John Grounds: Why can't the institutions do something about it? The RIBA, the RICS the CIBSE and the ICE could pool their brainpower to work out a way to deliver to our clients a better product. We are all into this.

John Grounds: But clients are too ephemeral in the construction industry to take a lead.

Steve Pomeroy: Wasn't the Construction Industry Board set up to represent client interests? You would think that would be the ideal body to follow this up. After all, if you want an arbitrator you can get a list completewith curriculum vitae. Why can't the CIB do the same thing for project managers?

“Let’s have the ACE fee scales replaced with all the early stages time-charged”

Paul Bradley

Commissioning and quality assurance

David Chelmick: Consultants must produce a design that is commissionable and installable. We must have that when the contractor is appointed, which should preferably be before the design goes to tender.

John Grounds: At scheme design, or at least at a time when the contractor can influence the design and buildability.

David Chelmick: That will get you a commissionable building. So long as you let the commissioning engineer do his job.

Roderic Bunn: Its not just commissioning though, is it, it's also sea trials for the building to ensure that the systems are working in terms of the client's day-to-day requirements.

Paul Bradley: But all the contracts are geared to finish at practical completion. It is the culture of the industry to do the snagging and get off to the next job. There is no incentive for the contractor or the professional to stay.

David Chelmick: On any number of jobs you see commissioning valves all hidden behind ductwork, and you can't get at them. You don't have to be a rocket scientist to work out that the services should be co-ordinated so the valves are accessible.

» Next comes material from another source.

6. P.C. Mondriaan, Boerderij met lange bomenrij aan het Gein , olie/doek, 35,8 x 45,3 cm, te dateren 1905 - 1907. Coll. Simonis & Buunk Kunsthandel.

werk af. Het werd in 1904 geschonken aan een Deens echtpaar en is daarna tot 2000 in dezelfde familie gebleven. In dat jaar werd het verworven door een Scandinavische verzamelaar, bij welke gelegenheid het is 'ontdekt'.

Paul Bradley: It all comes down to human error. Sufficient time to do the job minimises that. We need people who know what they are doing, and who are paid for doing it. The BSRIA allocation of design responsibilities is a very good place to start1.

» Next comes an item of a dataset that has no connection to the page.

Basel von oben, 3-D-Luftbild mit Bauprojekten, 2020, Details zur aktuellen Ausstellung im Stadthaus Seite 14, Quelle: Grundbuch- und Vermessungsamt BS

Roderic Bunn: Will computerised building models help in the years ahead?

David Chelmick: The use of object-oriented construction models in design will dramatically affect construction procurement. Within five years we will have boilers ordered over the Internet, with contractors drawings sent on e-mail with the bill of quantities sorted.

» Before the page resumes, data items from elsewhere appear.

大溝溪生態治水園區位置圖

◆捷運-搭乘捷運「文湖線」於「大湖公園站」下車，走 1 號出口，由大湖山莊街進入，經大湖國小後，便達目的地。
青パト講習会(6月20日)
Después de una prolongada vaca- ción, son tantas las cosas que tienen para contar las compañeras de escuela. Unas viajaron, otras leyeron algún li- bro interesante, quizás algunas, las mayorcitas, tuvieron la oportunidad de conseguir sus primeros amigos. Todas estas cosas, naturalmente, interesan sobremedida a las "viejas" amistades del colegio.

Roderic Bunn: Irrespective of how sophisticated the design system, there will always be a contractor who will circumvent designers' product choice.

David Chelmick: Yes, but the more you build it on a computer the more you get rid of that. Admittedly, this process will not eradicate human frailty.

Lewis Robertson: It won't mean better co-ordination, either. You still have to have your m&e contractor on board at the start.

John Grounds: I would like to see some way of measuring and validating co-ordination.

Paul Bradley: It's a quality assurance process. It's for someone other than the person that has drawn it to go through and check it.

Roderic Bunn: So quality assurance processes ought to include a time element, then? John Grounds: Yes, and validation.

Roderic Bunn: Do we need better feedback on the problems of poor co-ordination?

Paul Bradley:Feedback comes from the contractor saying: "It won't fit". You don't need to wait six months after the job to learn that. We need prevention, not cure. The best place to address a co-ordination problem is on the drawing board.

Lewis Robertson: That's right. It is far cheaper to rub it out on a drawing than to sort it out on site.

Conclusions

  • The m&e contractor and commissioning specialists should be on board prior to tender, preferably at the scheme design stage.
  • A non-construction-related project management qualification should be introduced, preferably by a new institution, but possibly championed by an existing body.
  • The main contractor’s responsibility for m&e design must be clearly defined in the brief, the procurement strategy and the contract.
  • In future, quality assurance procedures should include time elements and validation processes for future benchmarking.
  • The professions should actively support the development and application of single project models and electronic project databases.